What exactly are the Common Core standards?

The Common Core education standards have been criticized for many reasons, not all of them legitimate. Among other things, Common Core is sometimes denounced for teaching students about Islam or offering them new methods of learning math.

With all the misinformation about Common Core, it’s worth looking into what the national version of the standards actually say. Then you can judge for yourself which criticisms are valid and which are unfounded.

The full text of the standards are available on Common Core’s website. What’s not included: Any mention of Islam, the Quran, Arabic or Muslims. If your child has to learn about the Quran in school, don’t blame Common Core.

There are references to religious works, including the Bible. For example, eighth grade students should be able to “analyze how a modern work of fiction draws on themes, patterns of events, or character types from myths, traditional stories, or religious works such as the Bible, including describing how the material is rendered new.” Common Core doesn’t require lessons about religious texts, but it does allow a teacher to use them in their lesson plans. So If you don’t like a religious reference in your child’s class, place blame squarely on the teacher, not Common Core.

Still, the standards often go beyond stating what students should be taught into specifying how it should be accomplished.

For example, the mathematics standards for first grade say students should know how to “tell and write time in hours and half-hours using analog and digital clocks.” That’s fairly straightforward. It doesn’t tell teachers how to teach time-telling, just that it needs to be accomplished.

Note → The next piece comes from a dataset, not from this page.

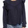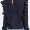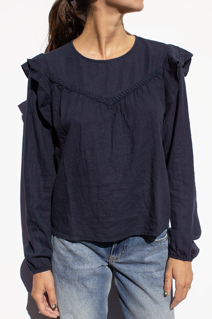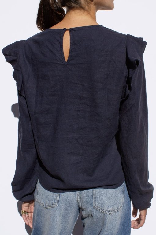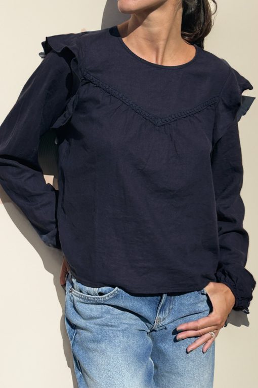 Blouse with ruffles on the shoulders, crew neckline, back button fastening, long sleeves, elastic cuffs, regular length, relaxed fit.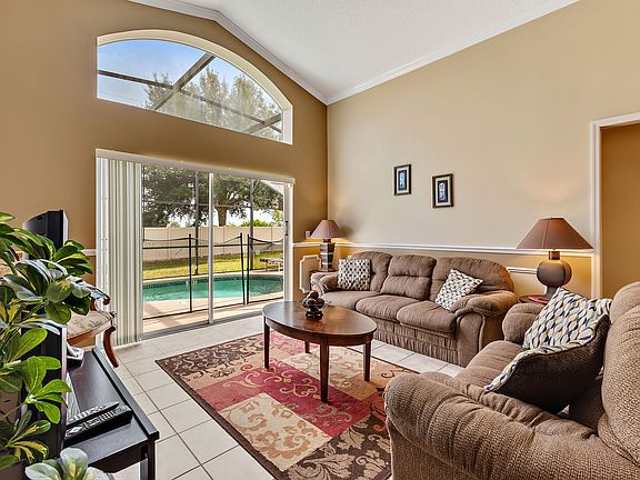 This stunning 4 bedroom 3 bath home located in the gated Solana Resort community is being offered fully furnished. The home features a split floor plan with a formal living room/dining room combination at the front of the home with vaulted ceilings in the kitchen and family room that open to the heated swimming pool that is fully screened and has lots of space for loungers, table and grill. The garage has also been transformed into a Game Room with a Pool table. This turn-key ready home is equipped with everything you need and is move-in ready. This home is zoned for short term rental, and a great investment choice for vacation rentals. This community has many recreational activities for you and your family to enjoy, including a community pool, volleyball, fitness center, sundry shop, mini golf and Tiki bar. Solana is located conveniently near Disney World and all the Orlando attractions.

Then again, the first grade math standards also say “Add and subtract within 20, demonstrating fluency for addition and subtraction within 10. Use strategies such as counting on; making ten (e.g., 8 + 6 = 8 + 2 + 4 = 10 + 4 = 14); decomposing a number leading to a ten (e.g., 13 – 4 = 13 – 3 – 1 = 10 – 1 = 9); using the relationship between addition and subtraction (e.g., knowing that 8 + 4 = 12, one knows 12 – 8 = 4); and creating equivalent but easier or known sums (e.g., adding 6 + 7 by creating the known equivalent 6 + 6 + 1 = 12 + 1 = 13).” Saying students should be able to add and subtract within 20 is one thing, but requiring specific strategies is another.

On RealClearPolicy, Rick Hess, the American Enterprise Institute’s Director of Education Policy Studies, points out other ways the standards blur the line between standards and mandating certain teaching methods.

For example, Common Core says reading in fourth grade should be evenly split between literature and informational texts, such as United States history books and science texts. By the 12th grade, informational texts should take up 70 percent of reading. The standards don’t specify which texts should be used, but do give several examples that teachers may feel pressured to use.

“It’s some of these shifts — like students reading fewer novels and having to wrestle with incomprehensible math worksheets — that have occasioned so much blowback,” Hess writes. “The supposedly misguided critics often seem more tuned in to the reality of the Common Core than the cheerleaders are.”

There are legitimate critiques of Common Core, and its opponents should stick to them and ignore those that have no basis in fact. Otherwise, Common Core advocates can simply point to the text of the standards and say, “Have you actually read Common Core?”